All Five Smartphones Survive Pwn2Own Contest

Posted by Soulskill on Wednesday March 25, 2009 @01:41AM from the can't-hit-a-mobile-target dept.

CWmike writes "Although three of the four browsers that were targets in the PWN2OWN hacking contest quickly fell to a pair of researchers, none of the smartphones were successfully exploited.
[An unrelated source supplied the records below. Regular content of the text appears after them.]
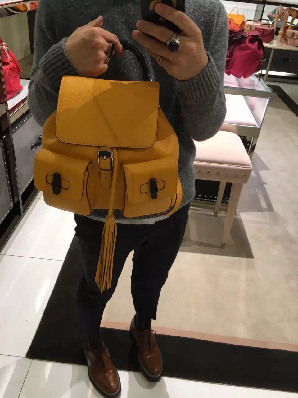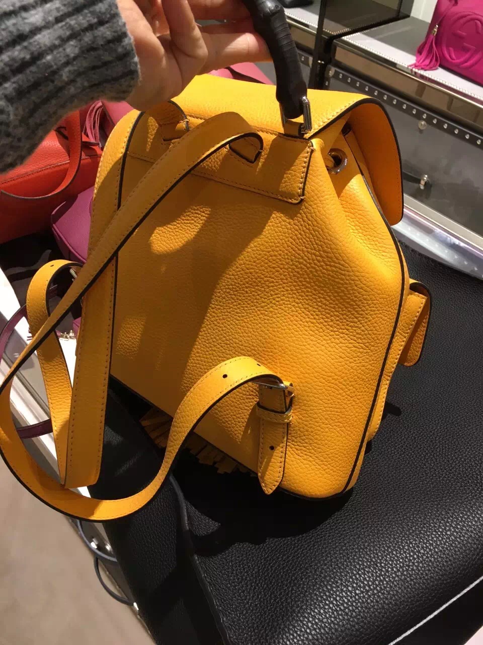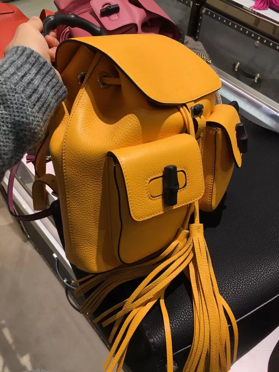 Gucci bamboo backpack 370833 The Bamboo Sac backpack has two front pockets and bamboo tassel detail. Made in one of signature leathers, noted for its softness, elasticity and light weight.
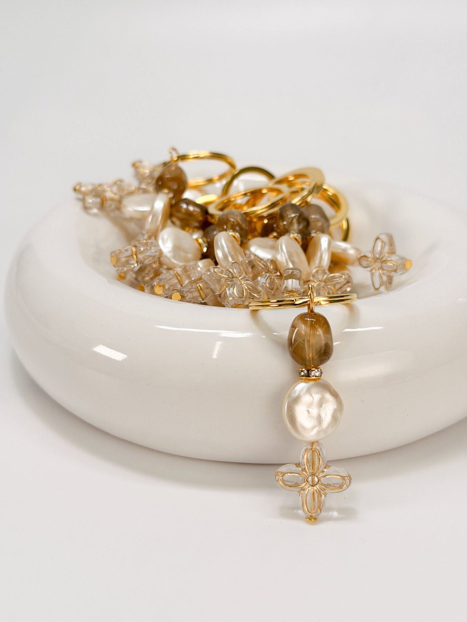 Μαρτυρικό μπρελόκ με καφέ ακρυλική χάντρα,ροδέλα με στρας,πλακε στρογγυλή πέρλα και ακρυλικό σταύρο σε σχήμα λουλουδιού.
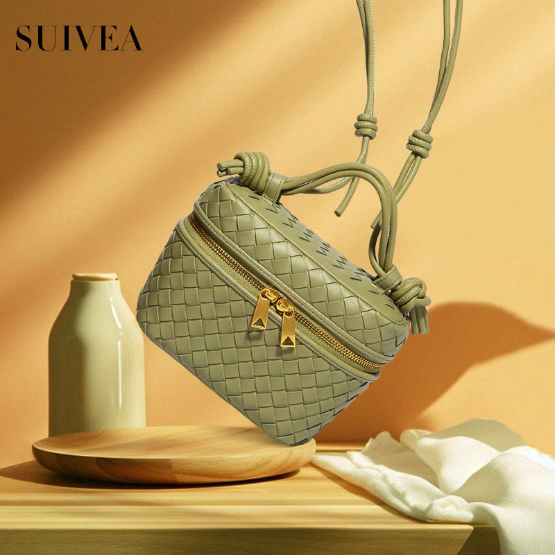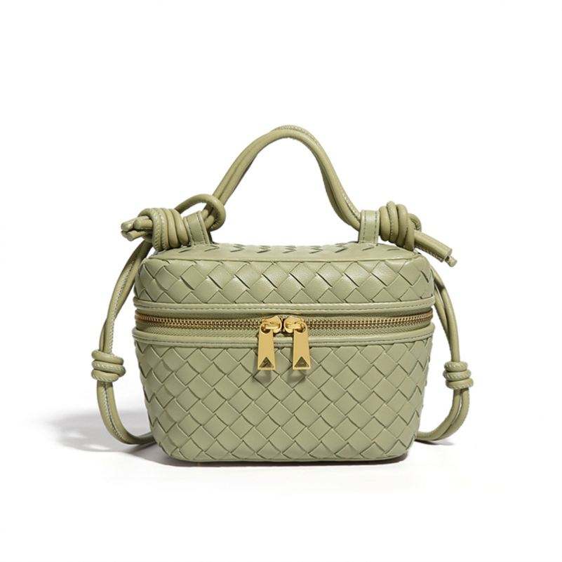 Handmade Braided Bag Simple Bag Fashion New Double Zipper Box Handbag Niche Texture Pure Color Hundred Shoulder Crossbody Bag

TippingPoint had offered $10,000 for each exploit on any of the phones, which included the iPhone and the BlackBerry, as well as phones running the Windows Mobile, Symbian and Android operating systems. 'With the mobile devices so limited on memory and processing power, a lot of [researchers'] main exploit techniques are not able to work,' said TippingPoint's Terri Forslof. 'Take, for example, [Charlie] Miller's Safari exploit,' referring to Miller's 10-second hack of a MacBook via an unpatched Safari vulnerability that he'd known about for more than a year. 'People wondered why wouldn't it work on the iPhone, why didn't he go for the $10,000?' she said. 'The vulnerability is absolutely there, but it's a lot tougher to exploit on the iPhone.'" Chrome was the only browser at the contest that was not successfully exploited. We previously discussed day one of the contest, and a summary of day two is available as well.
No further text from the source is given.